A decisão foi favorável ou contrária a quem pediu?
A decisão foi favorável à trabalhadora (Agente Comunitária de Saúde) no que diz respeito ao direito ao adicional de insalubridade, ainda que parcialmente quanto ao período.
O que isso significa pra quem está em situação parecida?
Significa que outros Agentes Comunitários de Saúde que atuam em condições semelhantes e a partir da vigência da Lei nº 13.342/2016 podem ter o mesmo direito reconhecido, sem a necessidade de um laudo técnico pericial específico.

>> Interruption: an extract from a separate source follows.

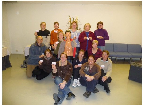
Kuva: kurssi suoritettu ja uudet kortit saatu

Nykyinen turvallisuusajattelu edellyttää kurssin käymistä yleisölle palveluita tarjoavalta yritykseltä.

Quais provas ou documentos foram importantes?
O texto do acórdão não detalha provas ou documentos específicos do caso, mas a decisão se baseou na existência da Lei nº 13.342/2016 e no entendimento consolidado do TST (Tema 118).
Ainda é possível recorrer de uma decisão dessas?
Em geral, após uma decisão do TST em Recurso de Embargos, as possibilidades de recurso são limitadas, mas podem existir em casos específicos para instâncias superiores, como o STF, se houver questão constitucional.
Vale a pena procurar um advogado num caso assim?
Sim, é sempre recomendável procurar um advogado especialista para analisar o caso concreto, verificar os detalhes e orientar sobre os melhores passos a seguir.